# Aim of the exercise
Nothing but the lines below between the line holding "Este evento busca" and the line holding "この機器は、患者様の緊急検査", inclusive, should appear in the answer, each set down exactly.

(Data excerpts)

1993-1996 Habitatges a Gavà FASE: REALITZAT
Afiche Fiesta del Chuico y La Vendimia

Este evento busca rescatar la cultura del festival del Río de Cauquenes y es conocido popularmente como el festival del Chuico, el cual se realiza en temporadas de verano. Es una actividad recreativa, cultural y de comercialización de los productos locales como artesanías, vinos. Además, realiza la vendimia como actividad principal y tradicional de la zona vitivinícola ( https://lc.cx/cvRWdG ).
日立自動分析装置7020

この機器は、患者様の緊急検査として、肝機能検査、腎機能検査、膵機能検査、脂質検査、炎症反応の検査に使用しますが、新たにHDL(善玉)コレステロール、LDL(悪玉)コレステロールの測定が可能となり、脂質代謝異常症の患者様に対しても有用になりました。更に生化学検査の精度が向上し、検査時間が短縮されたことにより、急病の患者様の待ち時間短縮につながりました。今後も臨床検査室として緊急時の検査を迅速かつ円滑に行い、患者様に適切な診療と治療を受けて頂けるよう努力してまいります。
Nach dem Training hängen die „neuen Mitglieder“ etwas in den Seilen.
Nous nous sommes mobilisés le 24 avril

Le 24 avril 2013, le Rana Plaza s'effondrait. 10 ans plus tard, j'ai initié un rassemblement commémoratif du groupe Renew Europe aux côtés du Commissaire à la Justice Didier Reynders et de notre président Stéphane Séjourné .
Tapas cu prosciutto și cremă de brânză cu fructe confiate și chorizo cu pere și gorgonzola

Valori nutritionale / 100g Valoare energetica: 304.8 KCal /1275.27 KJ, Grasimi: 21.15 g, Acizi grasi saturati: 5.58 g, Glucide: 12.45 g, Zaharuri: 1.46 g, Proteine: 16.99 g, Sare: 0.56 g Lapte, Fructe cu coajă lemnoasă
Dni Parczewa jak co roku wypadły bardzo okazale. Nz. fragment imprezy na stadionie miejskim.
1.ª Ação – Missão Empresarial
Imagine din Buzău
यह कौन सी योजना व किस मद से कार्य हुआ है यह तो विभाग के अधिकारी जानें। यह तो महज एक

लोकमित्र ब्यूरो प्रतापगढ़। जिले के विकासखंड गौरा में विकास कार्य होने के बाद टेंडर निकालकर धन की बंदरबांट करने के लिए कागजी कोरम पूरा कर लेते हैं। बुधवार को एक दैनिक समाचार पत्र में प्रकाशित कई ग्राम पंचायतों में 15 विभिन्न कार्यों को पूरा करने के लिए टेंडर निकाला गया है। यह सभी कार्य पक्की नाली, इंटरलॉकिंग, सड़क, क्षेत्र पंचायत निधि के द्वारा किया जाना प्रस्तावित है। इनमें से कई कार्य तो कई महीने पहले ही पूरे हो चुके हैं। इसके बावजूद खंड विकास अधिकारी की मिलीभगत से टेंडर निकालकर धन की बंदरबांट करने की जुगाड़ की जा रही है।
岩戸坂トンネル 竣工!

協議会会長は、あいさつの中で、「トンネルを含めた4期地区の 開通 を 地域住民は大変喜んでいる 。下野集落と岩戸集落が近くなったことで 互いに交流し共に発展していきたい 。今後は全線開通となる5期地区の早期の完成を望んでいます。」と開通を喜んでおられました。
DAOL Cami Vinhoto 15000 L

...

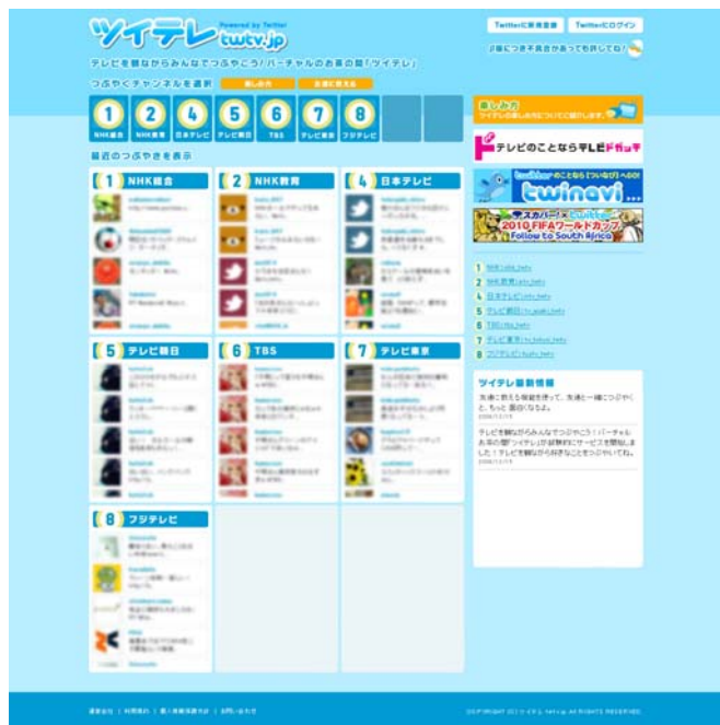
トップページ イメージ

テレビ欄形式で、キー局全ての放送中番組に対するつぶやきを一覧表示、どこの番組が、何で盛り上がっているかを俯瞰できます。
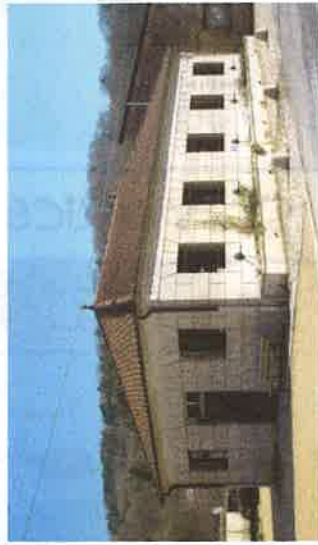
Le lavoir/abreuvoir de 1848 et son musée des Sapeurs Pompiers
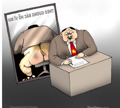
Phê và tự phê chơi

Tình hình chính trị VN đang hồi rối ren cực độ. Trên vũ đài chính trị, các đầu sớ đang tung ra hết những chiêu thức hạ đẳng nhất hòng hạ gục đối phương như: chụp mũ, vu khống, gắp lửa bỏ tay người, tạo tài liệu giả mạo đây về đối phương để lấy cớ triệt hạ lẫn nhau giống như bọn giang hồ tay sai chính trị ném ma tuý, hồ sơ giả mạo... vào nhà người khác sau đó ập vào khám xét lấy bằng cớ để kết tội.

...

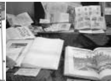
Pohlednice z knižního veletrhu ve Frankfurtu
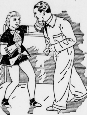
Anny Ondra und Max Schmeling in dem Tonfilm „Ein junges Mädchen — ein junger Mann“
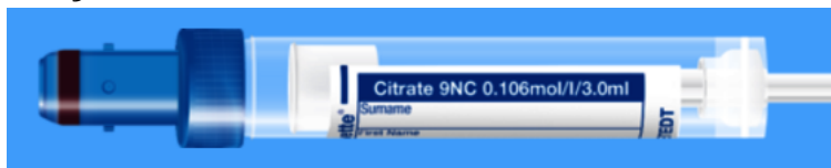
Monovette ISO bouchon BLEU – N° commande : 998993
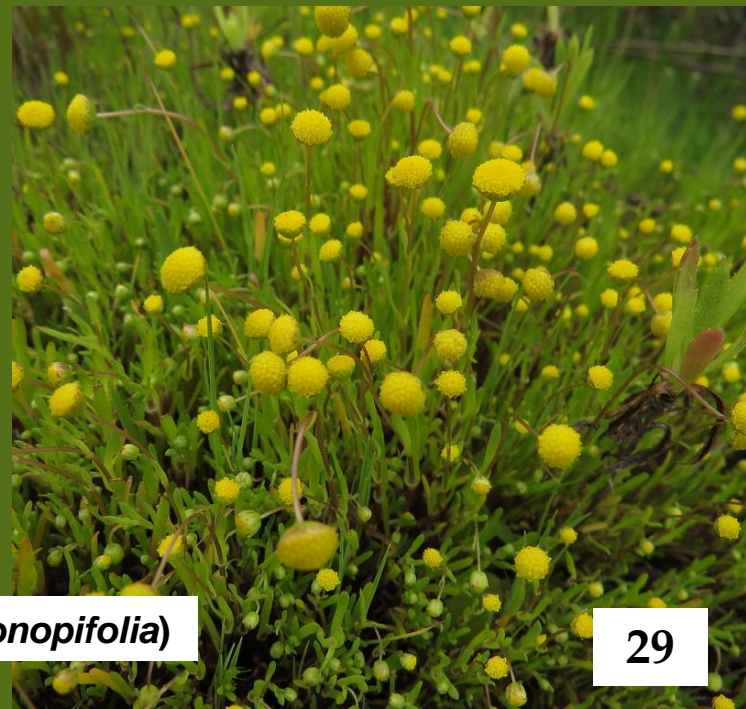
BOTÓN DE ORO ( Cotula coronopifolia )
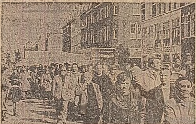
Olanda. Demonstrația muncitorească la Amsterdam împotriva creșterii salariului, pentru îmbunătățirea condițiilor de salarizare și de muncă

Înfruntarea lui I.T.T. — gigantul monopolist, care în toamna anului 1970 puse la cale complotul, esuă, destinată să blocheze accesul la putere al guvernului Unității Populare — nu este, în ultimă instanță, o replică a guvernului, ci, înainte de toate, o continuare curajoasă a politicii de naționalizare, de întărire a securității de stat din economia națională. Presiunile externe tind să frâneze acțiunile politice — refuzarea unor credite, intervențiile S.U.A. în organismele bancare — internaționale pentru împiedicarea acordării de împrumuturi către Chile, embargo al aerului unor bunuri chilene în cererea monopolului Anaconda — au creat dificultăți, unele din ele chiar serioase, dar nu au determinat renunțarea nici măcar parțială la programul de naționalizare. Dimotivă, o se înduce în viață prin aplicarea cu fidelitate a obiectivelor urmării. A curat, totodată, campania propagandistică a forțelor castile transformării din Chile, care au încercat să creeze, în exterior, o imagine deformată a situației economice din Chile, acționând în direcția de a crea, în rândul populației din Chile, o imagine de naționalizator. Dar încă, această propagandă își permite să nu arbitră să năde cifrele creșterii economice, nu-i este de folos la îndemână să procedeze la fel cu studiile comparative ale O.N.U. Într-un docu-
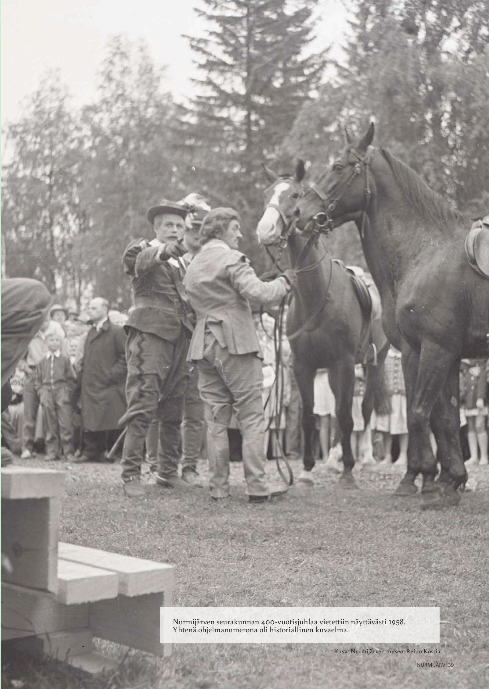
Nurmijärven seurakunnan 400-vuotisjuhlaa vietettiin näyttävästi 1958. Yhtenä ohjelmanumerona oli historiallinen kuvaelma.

# Reply
Este evento busca rescatar la cultura del festival del Río de Cauquenes y es conocido popularmente como el festival del Chuico, el cual se realiza en temporadas de verano. Es una actividad recreativa, cultural y de comercialización de los productos locales como artesanías, vinos. Además, realiza la vendimia como actividad principal y tradicional de la zona vitivinícola ( https://lc.cx/cvRWdG ).
日立自動分析装置7020

この機器は、患者様の緊急検査として、肝機能検査、腎機能検査、膵機能検査、脂質検査、炎症反応の検査に使用しますが、新たにHDL(善玉)コレステロール、LDL(悪玉)コレステロールの測定が可能となり、脂質代謝異常症の患者様に対しても有用になりました。更に生化学検査の精度が向上し、検査時間が短縮されたことにより、急病の患者様の待ち時間短縮につながりました。今後も臨床検査室として緊急時の検査を迅速かつ円滑に行い、患者様に適切な診療と治療を受けて頂けるよう努力してまいります。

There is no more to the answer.